- The Washington Times - Wednesday, December 11, 2013

The Democratic strategist whom President Obama has summoned to right a flailing White House also poses an optics challenge for an administration that has gone to great pains to distance itself from lobbying and influence makers.

John Podesta, who served as President Clinton’s chief of staff, is the consummate Washington insider whose efforts to influence policy over the years includes starting a liberal think tank and political action group and helping form his brother Tony’s lobbying powerhouse.

Though Mr. Podesta hasn’t officially registered as a lobbyist since 2006, his efforts to sway public policy are prodigious. For several years, he has co-hosted the clean energy industry’s premier event in Las Vegas, alongside Senate Majority Leader Harry Reid, that is designed to jawbone policymakers and encourage the fossil fuel industries to embrace a clean energy agenda.

Mr. Podesta, 64, routinely walks the halls of Congress, making the case for his favorite liberal issues. He also has used the Center for American Progress think tank he formed as a platform to bring Democratic policymakers together to shape a progressive agenda in Washington.

His opposition to the Keystone XL pipeline from Canada to the Gulf Coast has been so loud, in fact, that the White House has announced that its newest policy adviser to the president will recuse himself from the final decision on whether to approve the project.

Mr. Podesta is respected for his command of policy and the ways of Washington, and is well-liked on both sides of the aisle. (In fact, he teaches a Georgetown University law class each spring with federal Judge Richard Leon, a conservative who advised Dick Cheney during the Iran-Contra hearings.) He also won kudos a decade ago for helping to stabilize the Clinton White House after the president’s impeachment scandal.

But in many respects, Mr. Podesta still resembles the type of lobbying-connected insider that Mr. Obama claimed during his first run for president would be restrained from access to the White House. Mr. Podesta’s brother, Tony, runs a prominent D.C. lobbying firm. The two brothers founded the Podesta Group in 1987, but a representative said John Podesta hasn’t been associated with the firm since 1993, when he left to work in the Clinton White House.

Still John Podesta remains close to his brother, so much so that a recent Federal Election Commission donation record mistakenly listed him as a vice president of his brother’s firm.

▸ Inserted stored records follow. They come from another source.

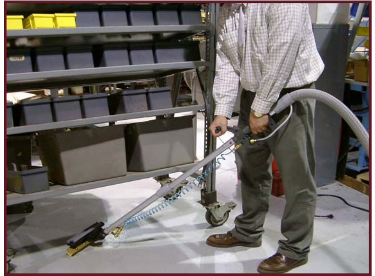
Optional off-aisle wand shown.

The SCV 28/32 offers an optional on board off-aisle wand and squeegee tool ideal for cleaning areas where the machine cannot go. The telescopic wand adjusts for operator comfort. Compact and lightweight, the tool can be conveniently attached to the rear of the machine and always available for use.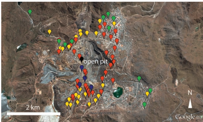
Fig. 2. Aerial image of the main open-pit mine and surrounding town of Cerro de Pasco, Peru, showing locations where the lead concentration in soil a was measured, 2009

The Ayapoto area mentioned in the main text is located immediately to the west of the open pit.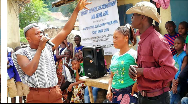
Theatre Drama performance in Yardu community in Gbense chiefdom, Kono disseminating key and interesting climate change messages caused by deforestation and mining to community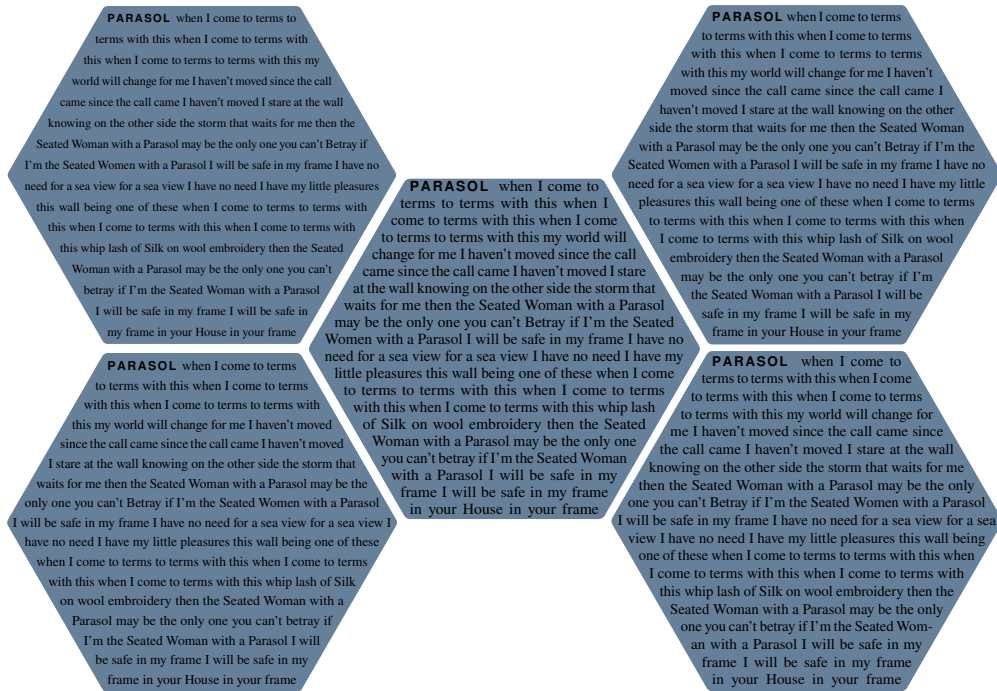
Figure 1 Parasol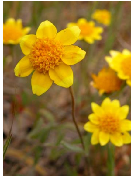
Lasthenia californica Goldfields Native Annual Asteraceae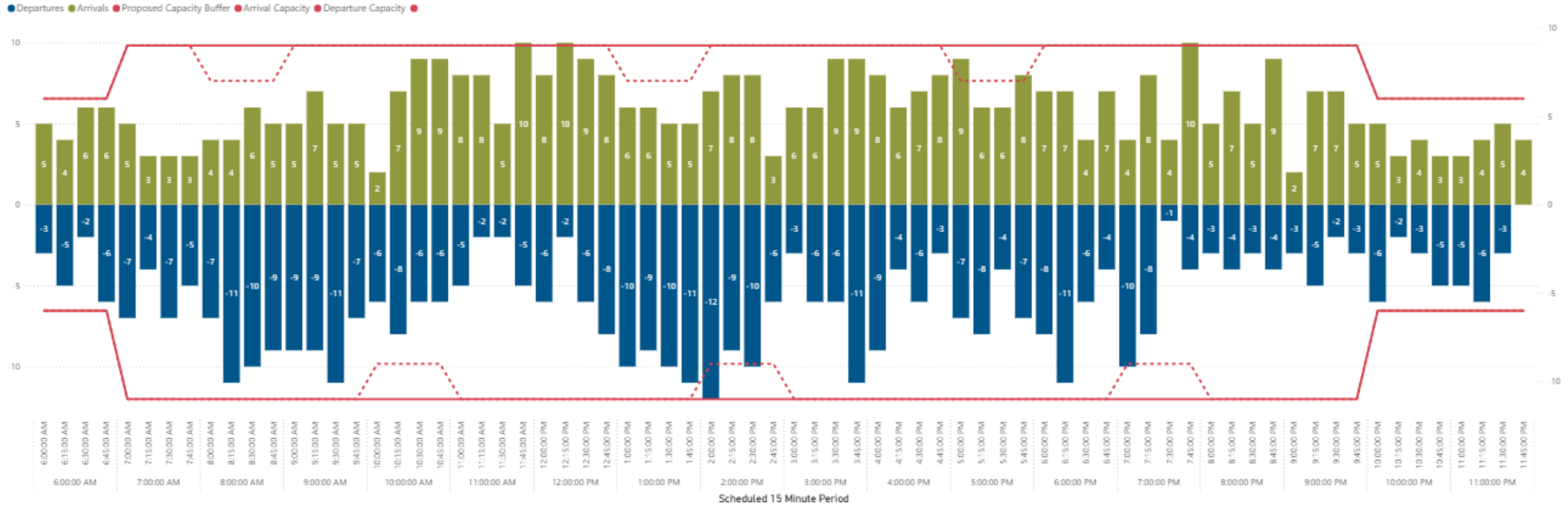
July 30th 2026 Actual Demand vs Capacity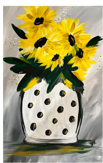
Sunflower Daze • 1/12

LET THE GOOD TIMES ROLL: A NEW ORLEANS GUMBO - FESTIVAL OF NEW AMERICAN THEATRE The Phoenix Theatre Company: See Sunday for more details. $20. 7:00 PM.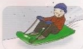
3. went sledding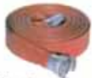
Flexibles d'incendie : refoulement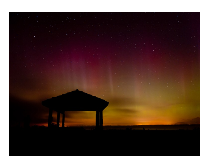
CAMANO AURORA 3 BY SHANE ELEN SECOND PLACE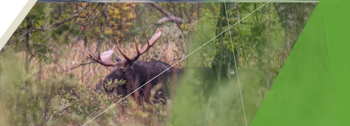
Moose on OHF site, Cook County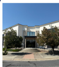
2075 OVERLAND OFFICE 10,000 SF OFFICE BUILDING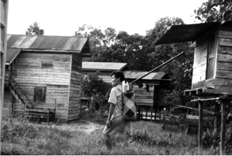
A Penan villager on the way out of the village for a hunting trip.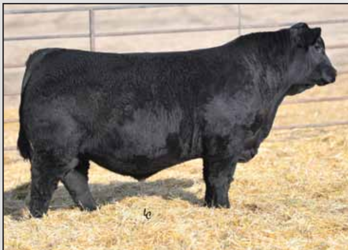
Lot 68, Ellingson Three Rivers 0305.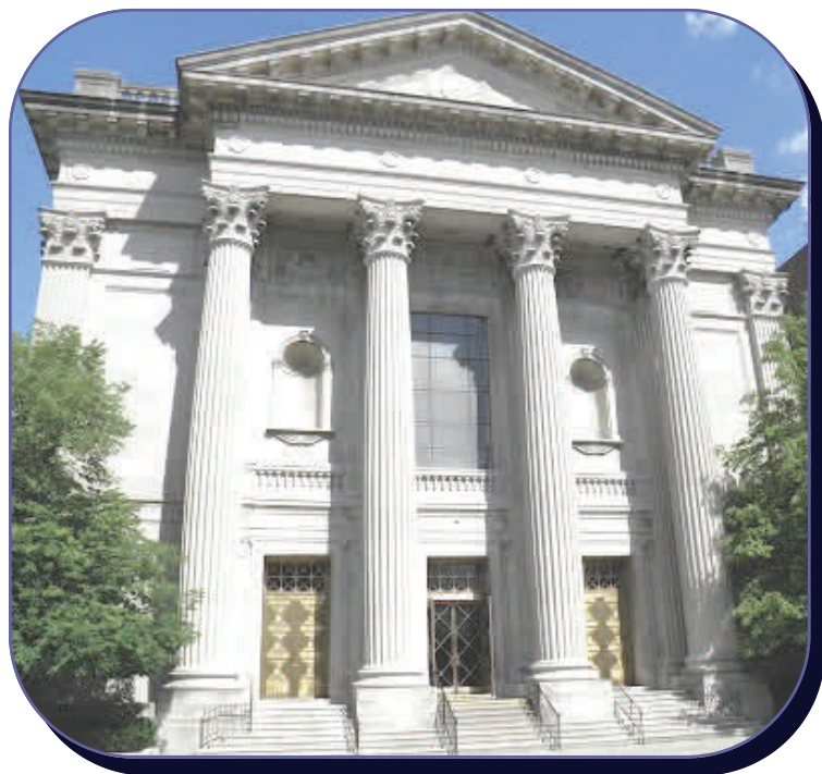
Ss. Peter and Paul Cathedral

The Holy Door at Saints Peter and Paul Cathedral in Indianapolis will be opened on Sunday, December 13, 2015 at a special Mass beginning at 10:30AM. A Holy Door will also be opened at the Archabbey Church of Our Lady of Einsiedeln in St. Meinrad, Indiana. Throughout the Holy Year these doors will stay open during the Cathedral’s and Archabbey’s regular hours until they are ceremonially closed on November 13, 2016. All are invited to make a pilgrimage to the Cathedral or the Archabbey Church to walk through the Holy Doors in order to fulfill part of the requirements of the special Plenary Indulgence available during that time.

Tony Podesta’s firm has experienced a business boom since Mr. Obama took office. According to information from the Center for Responsive Politics, the firm’s income went from more than $10 million in 2007 to almost $30 million by 2010. This year, revenue is estimated to be around $20 million.

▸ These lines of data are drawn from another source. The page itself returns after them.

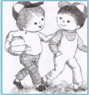
a great friend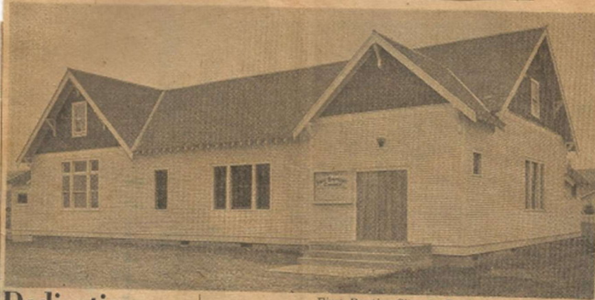
First Baptist Church, Polson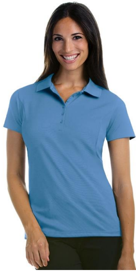
Women's Polo Columbia Blue Available Sizes: S – XXL

100% polyester Desert Dry™ Xtra-Lite D²XL moisture management pique short sleeve polo with flat knit collar & open sleeves.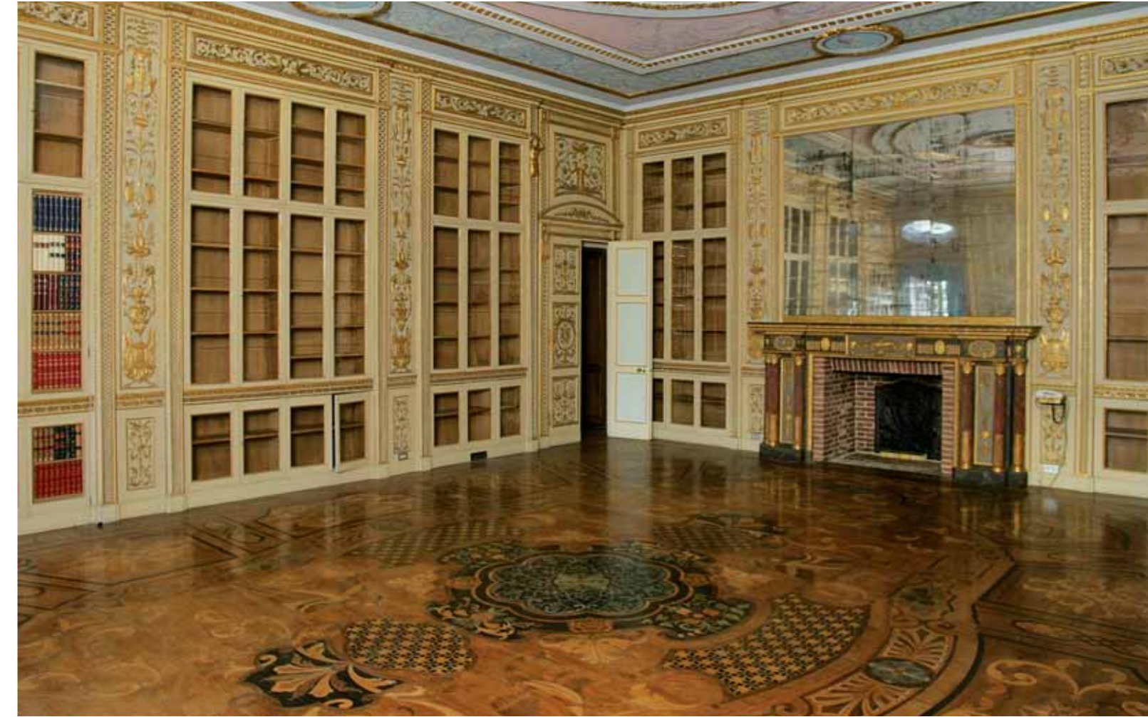
The main front consists in a honor entrance to the primary lounge and to the beautiful frescoed rooms, all of them overlooking the beautiful large terrace with panoramic view.

The Podesta Group is retained by some top businesses and industries that have a lot to gain from favorable government policy, including BP PLC, Wal-Mart, Boeing and Lockheed Martin.

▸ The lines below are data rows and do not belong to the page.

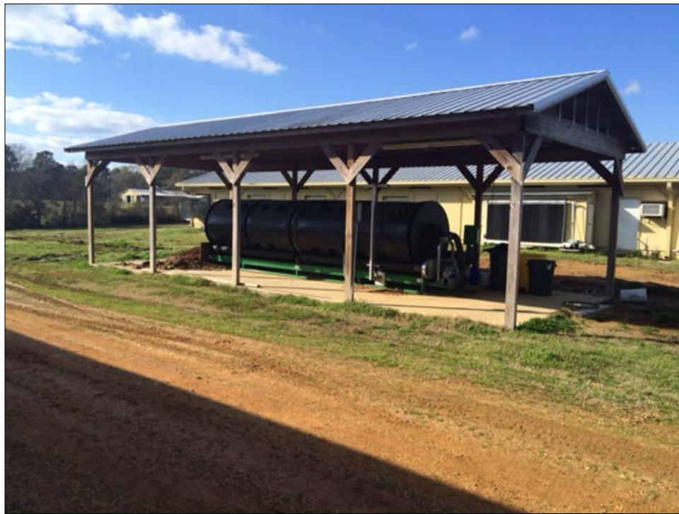
Figure 5. In-vessel or rotary drum composter.

Static bin composters with both primary and secondary bins are more labor-intensive because, once a smaller primary bin is full, it needs to sit for roughly 2 weeks. During this time, microbes break down roughly half the carcass material. However, they eventually run short of oxygen and the material has to be turned into the secondary bin for the process to be completed. After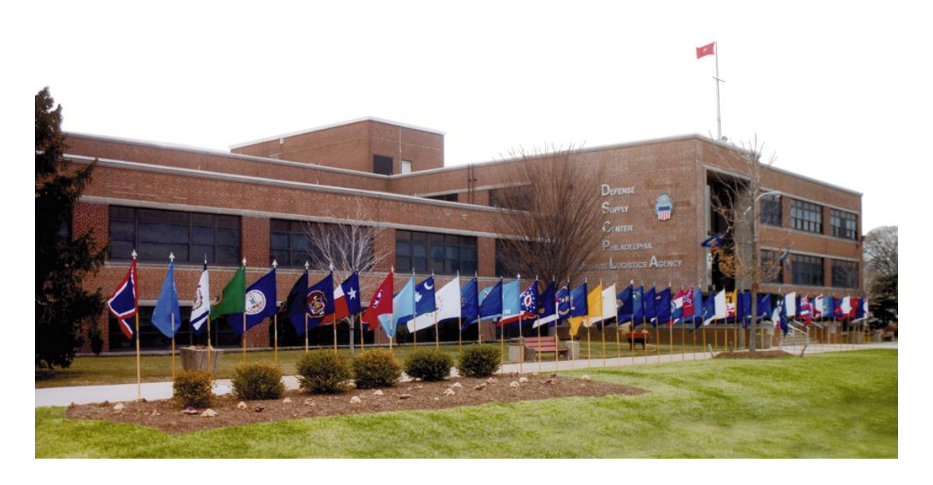
Defense Supply Center Philadelphia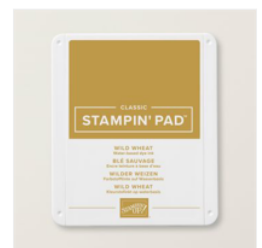
Wild Wheat Classic Stampin' Pad - 161651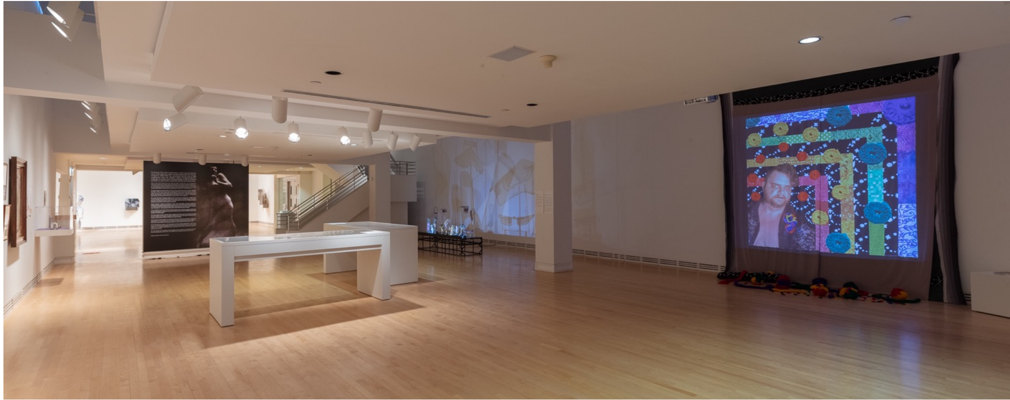
Installation view of The Baroness Elsa Project.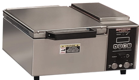
Deluxe Food Warmer DFW-150

The Deluxe Food Warmer instantly creates steam with the simple push of a button. Producing a consistent amount of steam, the Deluxe Food Warmer removes the guesswork, delivering a uniform finished product from one operator the next.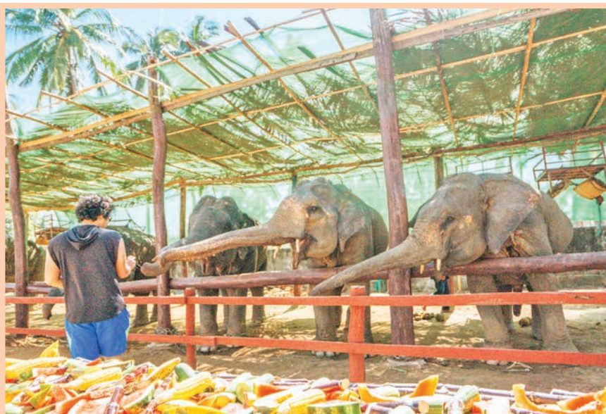
Elephant camp just before entering Chaungtha township. Now, there is an elephant camp at Kyauk Maung Nhama beach between Chaungtha and Shwe Thaug Yan beaches. It is easier to get there.

Chaungtha offers many beach games. A banana boat ride will give excitement, and so most of the youths enjoy it. Those do not dare to ride can watch the riders just from the Speed Boat that pulls the Banana Boat. Even if you cannot swim, the life jackets will keep you afloat. I did not ride it as I have a fear of water.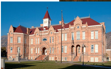
Provo's historic Academy Library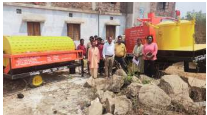
Officials of Spices Board along with farmers near the newly supplied machineries

Spices Board Field Office, Koraput, Odisha supplied turmeric boiler and polishers for the first time under QGBG scheme to two FPOs; Vikas Jyoti FPO and Baishnab Kandhamal Vegetables and Spices FPO in Kandhamal district. As the machineries were very new to the tribal farmers, a demonstration on the usage of the same was done by the manufacturers during the final inspection of the machineries.

The Obama administration has been skirting the thin line between advising and lobbying, despite the president’s promise to keep lobbyists out of the White House.

“I’m in this race to tell the lobbyists in Washington that their days of setting the agenda are over,” Mr. Obama said at a 2007 campaign event in Nevada. “They will not work in my White House.”

Upon taking office, Mr. Obama signed an executive order forbidding lobbyists from working in the executive branch and restructuring revolving-door and gift policies. It took watchdogs less than three months to cry foul.

The fact-checking website Politifact.com said the administration has made extensive use of waivers allowing former lobbyists to serve.

“The waivers are granted by the Obama administration itself, and are little more than the administration saying a former lobbyist is OK,” the website said. “For a candidate who pledged to conduct business out in the open, there is little transparency about when a waiver is required.”